For this reason, Andreas Wagner, Digital Humanities specialist in the Institute Library, and Christian Boulanger, researcher in the Department of Marietta Auer, invited scholars and practitioners from the social sciences, humanities, and computational disciplines to a workshop dedicated to this challenge. Co-organizers were Robin Haunschild from the Max Planck Institute for Solid State Research and Malte Vogl from the Max Planck Institute for the History of Science. The goal of the workshop was to define the key issues and identify the state of the art. Most importantly, it aimed to launch a community capable of sharing resources and advancing the state of the art in the midst of the unfolding "AI revolution."

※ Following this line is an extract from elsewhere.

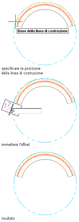 Disegno di una linea di costruzione con offset zero basata su un segmento di muro ad arco

The workshop included two interactive sessions to gather ideas on how to move the field forward. One tool suggested by the organizers is a white paper that can provide an overview of the current state and potential pathways for the field. At the end of the first day, participants gave their opinions on what topics could be covered in such a whitepaper. The second day ended with a brainstorming session on what other forms of collaborative research and development might look like. The event will certainly not be the last of its kind, not only given that Large Language Models are currently changing the technological landscape and will help unlock previously untapped reference/citation data in the humanities, law, and social sciences.